The 3 best money moves for May 2022
May is a month to celebrate.
We start strong on May 1st. Then comes Star Wars Day — aka my birthday — Cinco de Mayo, Mother’s Day (remember! May 8th!), Memorial Day, and dozens of other faux-marketing holidays in between. (Did I mention my birthday is coming up?)
In the midst of all the celebrations, it can be difficult to take a little downtime for your financial health. But we’re here to help. Money brings you a bite-sized financial checklist every month to help you live your best life. This month we talk inflation, tax returns and save for college.
Here are the top money moves for May.
1. Fight inflation with I-Bonds, now with a 9.62% interest rate
Inflation, according to the Labor Department, is 8.5%, the highest since December 1981. This is partly due to rising costs for gas, housing and vehicles.
If skyrocketing prices for everyday items weren’t bad enough, inflation is likely to eat away at your savings as well.
For example, the money that’s in your savings account right now – it’s likely to bring a poor 0.06% Interest – loses value quickly.
The good news: Uncle Sam offers you a safe way to do it Protect your savings from inflation with Series I Savings Bonds, also known as inflation bonds or I-Bonds. And in May, I-Bonds look more attractive than ever.
Today, the US Treasury, which issues the bonds, announced the new annualized interest rate: 9.62%the highest interest rate since bonds were introduced in 1998. Again, this compares to the average interest rate of 0.06% on savings accounts (or even 0.5% if you have one Savings account with high return), I Bonds sound like a no-brainer.

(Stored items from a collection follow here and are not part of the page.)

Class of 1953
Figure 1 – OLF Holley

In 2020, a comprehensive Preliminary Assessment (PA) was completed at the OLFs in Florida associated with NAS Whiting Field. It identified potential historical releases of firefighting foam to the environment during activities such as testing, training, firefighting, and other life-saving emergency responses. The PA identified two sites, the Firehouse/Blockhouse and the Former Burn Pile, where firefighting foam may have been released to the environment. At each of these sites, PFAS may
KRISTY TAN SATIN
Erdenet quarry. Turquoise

To lock in that 9.62% interest rate for six months, you need to buy it by the last business day of October, as the interest rate changes every six months to account for inflation.

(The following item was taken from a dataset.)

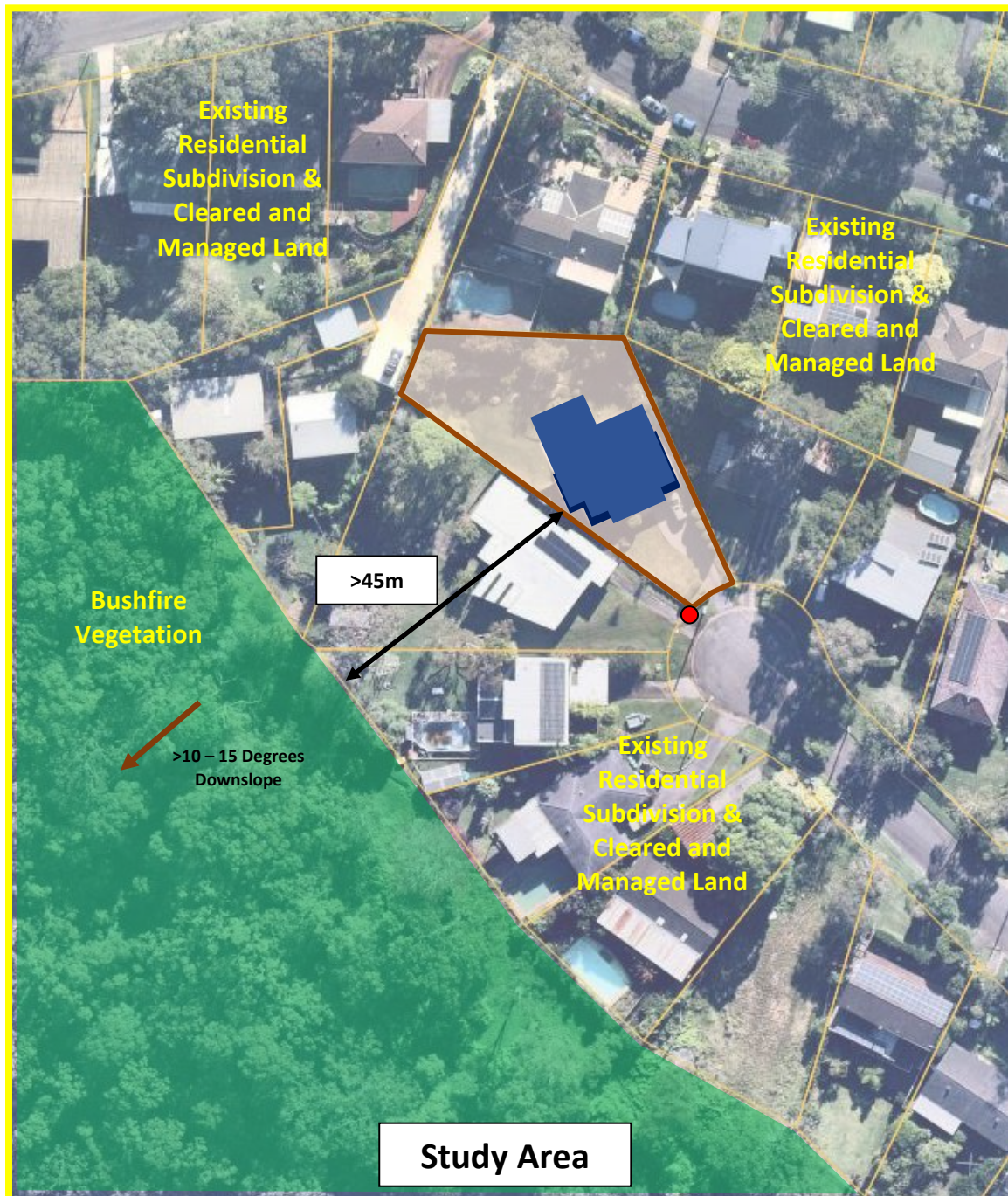
Map 1 – Study Area / Subject Lot / Slopes / APZ extent

While there’s a lot to love about I-Bonds, remember that there are important caveats to weigh before you buy:
- I-Bonds have an annual purchase limit of $10,000 for electronic bonds and a maximum of $5,000 for paper bonds.
- You can buy electronic bonds at any time TreasuryDirect.govPaper bonds can only be purchased at the time of filing your federal tax return, and you must choose to use your refund money to purchase them.
- You cannot cash them out within a year (except in emergencies). If you pay out within five years, you lose the interest of the last three months.
2. Budget your tax refund wisely
are tax refunds especially important for people this year, given decades of high inflation. Rising prices are causing many people to hold back on large purchases like cars and houses. And inflation has contributed to about a quarter of Americans missing out on at least one bill payment, according to a recent study by Capital One report.
According to the IRS, the average refund so far this year is over $3,000, and the agency has already made nearly 89 million refund payments.
For many, this windfall is just what they need to regain their financial footing. But when the money rolls in, you might be tempted to avenge it after weeks, months, or even years of austerity.
While experts recommend that you don’t treat your refund as play money, they see the benefit of using some of it to treat yourself — as long as it’s around 5% to 10% of the total refund.
One of the first things to do when the refund hits your account is to catch up on your bills if you were one of many who recently defaulted. Then experts recommend one of the most important personal finance steps: making sure you have an emergency savings fund (perhaps in I-Bonds?) that can cover Costs between three and six months. If this box is already checked, pay off all credit card debt.
From there, packing at least some of it into one is a smart move 401(k) or Individual Retirement Account (IRA). Finally, you can use the remaining refund money for a long-term goal – e.g buying a house or to finance your wedding – or to pay off other high-interest debt.
3. Benefit from a 529 college savings plan
May 29th is National 529 Day – because May 29th – and this is as good a time as any to sing the praises of the Education Savings Plan.
So What is a 529 plan?, exactly? In short, it’s a tax-deferred way to save money on qualifying education expenses, including tuition, books, room and board, and more. Almost every state offers a 529, although exact plans and benefits vary by state.
In most states, you can deduct your contributions from your state income taxes. And withdrawals are not subject to federal taxes as long as they are used for qualifying expenses.
While 529s are often referred to as “college savings plans,” you can now also use them to pay up to $10,000 a year in tuition related to public or private elementary and high schools, the authorities said IRS.
In addition, anyone can open a 529 for any person, including themselves. The beneficiary does not have to be a child.
Around this time of year, many states offer special offers for opening 529 plans around National 529 Day. For example, residents of Utah can get a contribution match of up to $40 for opening a new account and setting up recurring payments. Several other states offer similar incentives. Check with your state’s 529 provider for vacation deals.